Caneberries have to be selected first for productivity and disease resistance in the environment where it will be grown, and second, but just as important, for fruit quality in that environment. For instance raspberry varieties developed for the Pacific Northwest have poor vigor in North Carolina. Blackberries are somewhat easier to adapt to the South because there were many varieties released from a southern breeding program in Arkansas, or from a federal breeding program in Maryland, so they tend to be more heat adapted.

Production practices, such as the amount of nitrogen, rainfall or irrigation, can also affect fruit quality. Drought and heat can greatly reduce raspberry fruit size, while irrigation within 8 hours of picking can soften blackberries; water droplets standing on the surface of blackberries can cause a reddening effect. Food safety issues need to be considered both with choice of fertilizer and with irrigation source in order to reduce food contamination risks. Above all, avoid putting soft, decayed or injured berries into the packs. These fruit will accelerate decay of the whole pack.

As mentioned earlier, fruit are harvested into their final container in the field. Essentially there are only two handling steps: the initial harvest and final consumer use. Fruit are usually taken to an in-field grading shed mounted on a trailer so injured or overripe fruit can be removed. The packs are then placed directly into a refrigerated truck and taken to a distribution/collection point, cooled with forced air and held in cold rooms until loaded for shipment to the buyer’s designated point. Selection of container should center on the type of cooling and effectiveness of the package in allowing air flow. Other factors such as ability of the packs to be stacked, the smoothness of the holes (to avoid fruit injury) and size should be considered when choosing containers. The market sometimes dictates what container size will be harvested for that period, but initial choice of materials and style should be made carefully.
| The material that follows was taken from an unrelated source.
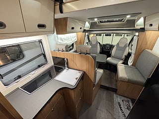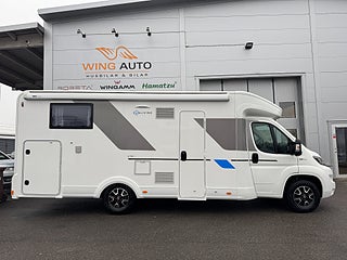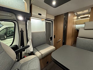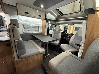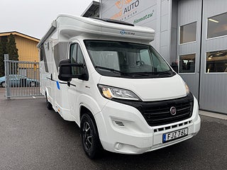 Denna husbil är byggt på ett Fiat-chassi med en 140HK motor och man behöver endast vanligt B-kort för att framföra denna skönhet på vägarna då totalvikten är 3500kg!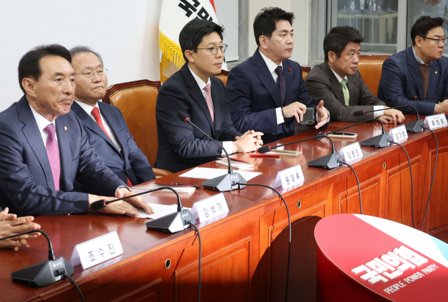 국민의힘 김기현 대표가 사퇴한 다음날인 14일 윤재옥 원내대표 겸 대표 권한대행(왼쪽 두번째)과 지도부가 국회에서 최고위원회의를 갖고 있다. 연합뉴스

Cooling can be done by room cooling if pallets of fruit are stacked with aisles between them and the size of the room is adequate for the room to get efficient cooling. Generally, cooling of large amounts of fruit is not efficient unless cool air is forced into and around pallets. This can be done using a tarp and box fan or by building a cold wall at one end of the cooler that has outlets to line up fruit. Cooling is especially critical for raspberries, which can mold in as little as a day if held at 68 degrees F. For each hour in delayed cooling, a day of shelf life is lost. Caneberries can tolerate elevated carbon dioxide (10 to 20 percent) and slightly reduced oxygen levels (10 to 15 percent), but some raspberries can have altered flavor after modified atmosphere (MA) storage. Generally, MA in caneberry is done just before shipment because the fruit must be delivered to consumers within five to 10 days of harvest.

Summary

Consider the following questions before planting blackberries:

  • What is your market: local or national?
  • What varieties will suit your market (large, softer, good flavor, size, firmness)?
  • What type of packaging and size of package will you need?
  • What type of system will you use for harvest?
  • What type of cooling facility will you have?
  • Will you be using modified atmosphere during storage and shipment?
  • What are your food safety hazard points from production through shipment and sales?

Major issues that make caneberries different in handling:

  • No protective cuticle.
  • High respiration rate.
  • High rate of weight loss.
  • Have to be picked near full ripeness.
  • High rate of softening.
  • Susceptible to gray mold (Botrytis cinerea).
  • Blackberries can turn red.
  • Raspberries can turn purple.
  • Maximum shelf life is short (two days to two weeks).